If businesses want to maintain margins on their products, while
appearing to offer customers improved value, they can make something
more appealing by repackaging it or bundling it with promotional
extras.
Gus Desbarats is the founder and chairman of Alloy, a product design
consultancy used by BT among others, which applies some of these
techniques. The company also favours differential pricing - ie adjusting
prices according to the different expectations and needs of different
customer groups.
"For us, pricing isn't so much a science as a structured activity,"
he says. "We match our target yield to capacity and overhead
and ensure that our standard rate achieves this. But we then have
a number of other factors we can apply, for example offering bulk
discount for large projects." 60% of Alloy's capacity is accounted
for by large outsourcing deals worth over £250,000 a time.
Because such deals carry less of a new business overhead than smaller
projects, this creates room for manoeuvre, allowing Alloy to be
more generous on other new business - for example, by underestimating
the work involved, to impress new clients.
Because product design is a global business, it is affected by
pricing pressures in other markets. As more work is farmed out to
cut-price markets such as South East Asia, Alloy tries to focus
on clients that want to pay more for value, rather than getting
into the discount game which could threaten quality.

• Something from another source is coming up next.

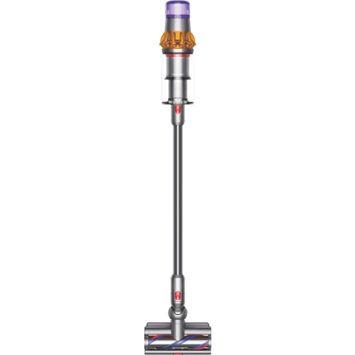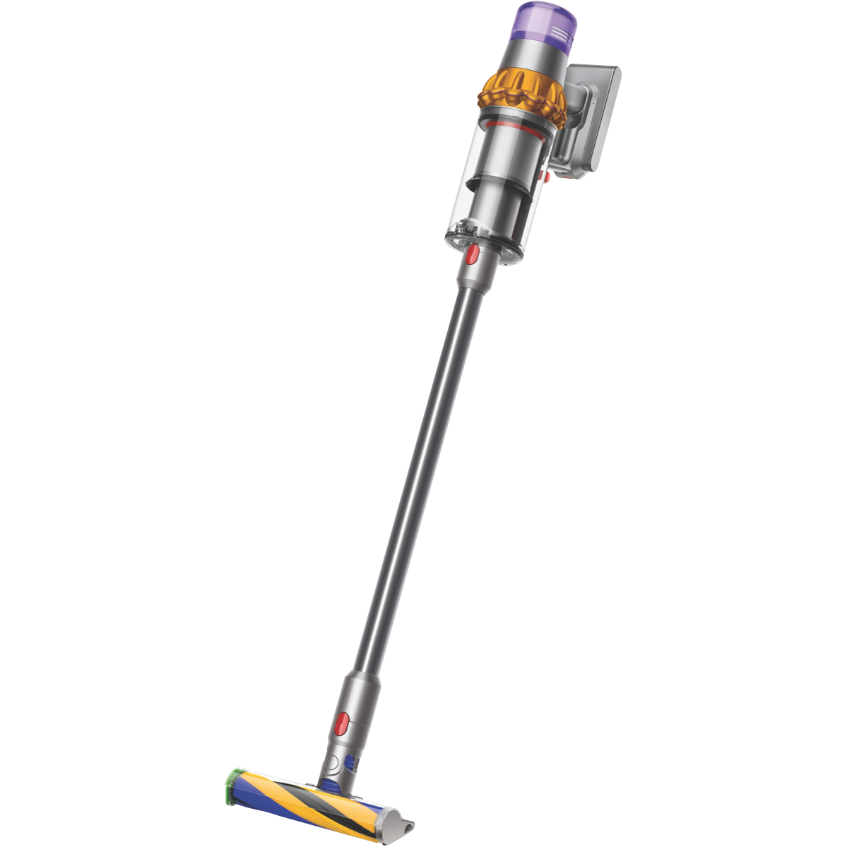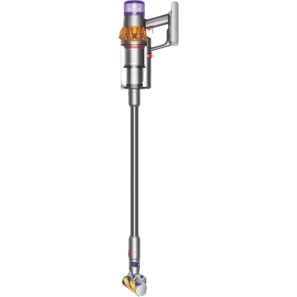 The Dyson V15 Detect Absolute Cordless Vacuum (447955-01) has a Fluffy Optic(TM) cleaner head that reveals 2 times more microscopic particles(1) a piezo sensor continuously sizes and counts dust particles automatically increasing suction power when needed(3). LCD screen shows scientific proof of a deep clean the LCD screen shows what's been sucked up displaying in real time(4). Powered by a Dyson Hyerdymium(TM) motor spinning at up to 125000rpm generating powerful Dyson suction(2). With up to 60 minutes of fade-free power(6) it provides powerful suction to clean your home and car. Dyson DLS(TM) technology inside the Digital Motorbar(TM) cleaner head monitors brush bar resistance 360 times a second intelligently adapting power across different floor tyoes automatically with no need to change cleaner heads(5) Quickly transforms to a handheld and back again in just one click. Three cleaning modes optimised for a variety of tasks The right balance of power and run time where you need it. The fully sealed filtration system traps 99.99% if particles as small as 0.3 microns(7). The 'point and shoot' mechanism hygienically ejects dust and debris into your bin in one action so there's no need to touch the dirt. Dyson's power-optimising technology and battery-saving trigger help maximise run-time only using power when you need it. 14 cyclones generate forces of 100000g to fling dust into the bin without clogging the filter so there's no loss of suction. Designed to absorb vibrations and dampen sound to keep sound levels down Disclaimers: (1) Compared to the original Dyson Laser Slim Fluffy(TM) cleaner head. Effectiveness influenced by ambient light conditions debris type and surface.(2)Suction tested to IEC 62885-4 CL5.8 and CL5.9 loaded to bin full in Boost mode(3)Quantity and size of dust displayed on screen varies depending on usage. Automatic suction adaptation only occurs in auto mode. (4)Quantity and size of dust displayed on screen varies depending on usage. Examples shown may occur within one or more displayed size range(5)In Auto mode. (6)In Eco mode on hard floors. (7)Tested against ASTM F1977-04 (particles sized 0.3-0.5 microns) tested in Boost mode. (8)Pick up tested to IEC 62885-4 Ed1.0 2020 Cl5.5 in boost mode. De-tangling capability based on internal Dyson test method.(9)Additional battery available to buy separately.

Instead, Alloy prefers to be creative, matching its pricing strategy
to the customer's situation. It will take a joint-risk approach
if a client needs to diversify but hasn't got the funds, and offers
a licence model to smaller clients. "What we do is very front-end,
so we have to insist on something in the way of a paid fee, but
then we will sell a licence - ie we retain the intellectual property
to the design and grant licences to use it," Desbarats says.
"This is fairly innovative in our market."

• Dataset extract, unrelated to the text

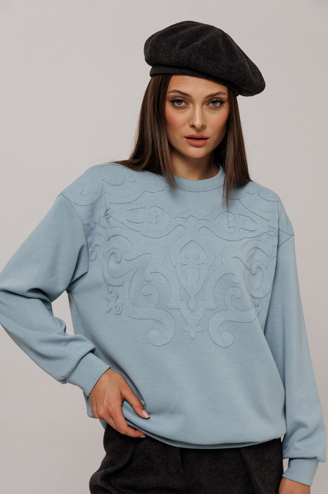Джемпер из технологичного трикотажного полотна с эффектом peach. Прямого силуэта с втачным рукавом и спущенной линией плеча, с манжетой из основной ткани по низу рукава. По переду вышивка "Орнамент". По горловине и низу изделия притачная планка из основной ткани.

Alloy is confident enough in the value it offers that it is also
prepared to 'let go' of clients that drain its resources without
returning much profit. Having achieved a massive uplift in business
for a Hong Kong based company, increasing its market share from
5% to 25% in four years, Alloy found it was working very hard for
the client without really making any money from it. "We let
them vanish and, sure enough, we more than replaced the business
very quickly. We needed self-confidence and belief during the transition,
but the decision paid off."
This is at least as important as knowing the 'rules' of the pricing
game. Being confident in what you're offering means you're more
likely to be willing to break the rules if you think the gains will
be worth it.
If you're still not convinced, take advantage of the Internet which
makes it easier than ever to test pricing. "You can tell very
quickly from a quick test on eBay or Google Adwords how a test price
point is perceived," Craven notes.
[MAIN FEATURE ENDS]
Optional boxout:
The dos and don't of pricing
Do:
" Check out what rivals are doing, and establish where your
offering fits (is it comparable or higher value)

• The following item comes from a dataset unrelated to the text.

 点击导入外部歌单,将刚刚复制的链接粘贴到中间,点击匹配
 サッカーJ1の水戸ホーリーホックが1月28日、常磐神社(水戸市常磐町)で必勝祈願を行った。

" Consult pricing experts if you lack confidence
" Test the market before committing yourself
" Think laterally and be prepared to be creative, using innovative
pricing strategies which will spark customers' interest - and make
them think differently about how they value what you're offering
" Work out different pricing models and bundles to suit different
client bases
" Consider raising prices before dropping them, to lend credibility
to your brand and help filter out low-profit customers who drain
resources
Don't:
" Let theory and formulae prevent you from trusting your gut
instinct
" Be afraid to play around with pricing on the Internet using
eBay, Google Adwords or similar
" Make the mistake of blindly following others in your market
- be prepared to strike out and try new pricing models. So long
as you work out how you are covering your risk, and have solid contingency
plans, don't be afraid to experiment
" Lack confidence. A company that's proud of its products and
services, and knows they are better than cheaper equivalents on
the market, won't need to discount
" Confuse price with value
Another optional box
Pricing theory
Clearly, it costs a company money to design, create, distribute,
promote, sell and support a product or service, so the cost to the
customer must allow for all of these factors, and then add on a
reasonable profit that the market will tolerate. Pricing must also
take into account the supply and demand relationship. Pricing a
product too high or too low could mean a loss of sales for the organisation.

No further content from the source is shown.